Prince zeichnete laut „TMZ.com“ ein liebevolles Bild seines Vaters, der sich viel um seine drei Kinder gekümmert habe. Er habe Fotos und Heimvideos vor Gericht gezeigt. Der Junge habe auch über die Vorgänge am 25. Juni 2009 gesprochen, als der 50 Jahre alte Sänger unter der Aufsicht seines Arztes Conrad Murray in seinem Haus starb.

Er habe seinen Vater im Schlafzimmer halb aus dem Bett hängend vorgefunden, habe Prince die Szene beschrieben. Der Arzt Conrad Murray habe versucht, ihn wiederzubeleben. Seine Schwester Paris habe verzweifelt „Daddy“ gerufen.
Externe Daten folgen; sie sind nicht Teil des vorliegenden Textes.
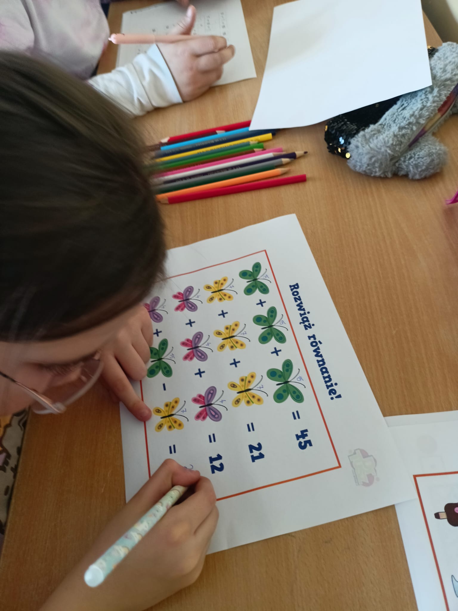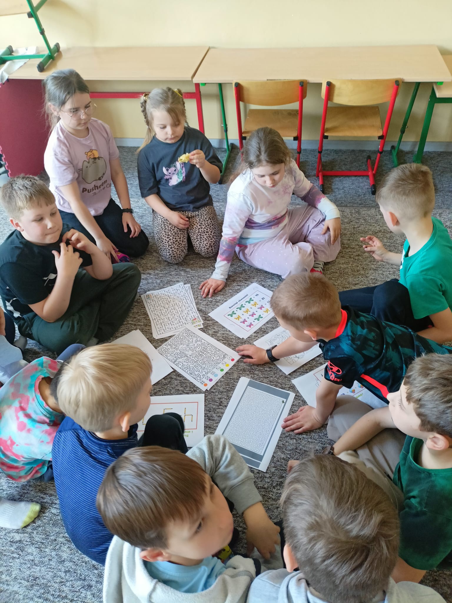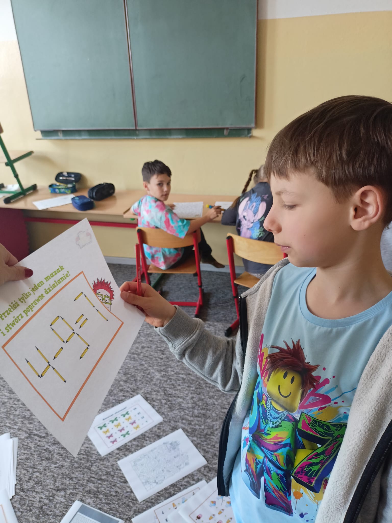 Podczas zajęć uczniowie rozwiązywali różnorodne łamigłówki matematyczne, rebusy oraz interesujące zadania logiczne. Nie zabrakło również zagadek wymagających sprytu, spostrzegawczości i współpracy w grupie. Dzieci z dużym zaangażowaniem podejmowały kolejne wyzwania i chętnie dzieliły się swoimi pomysłami na rozwiązania.

Paris hat Tod sehr mitgenommen

Im schwarzen Anzug mit grauer Krawatte, die langen Haare hinter die Ohren gekämmt, berichtete er gefasst, aber mit feuchten Augen von dem Tag, an dem sein Vater starb. Besonders seine Schwester Paris habe dessen Tod sehr mitgenommen und auch er habe seitdem viele schlaflose Nächte verbracht, sagte Prince.
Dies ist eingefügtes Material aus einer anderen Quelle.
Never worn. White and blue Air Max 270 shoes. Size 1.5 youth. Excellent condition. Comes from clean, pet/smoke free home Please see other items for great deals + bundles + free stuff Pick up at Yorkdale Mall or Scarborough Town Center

Sie seien der Ambulanz ins Krankenhaus gefolgt. Dort hätte Murray ihnen erzählt, dass Jackson einen tödlichen Herzinfarkt erlitten habe.

Murray, der Jackson zum Einschlafen über Wochen hinweg ein Narkosemittel gespritzt hatte, sitzt eine vierjährige Haftstrafe wegen fahrlässiger Tötung ab.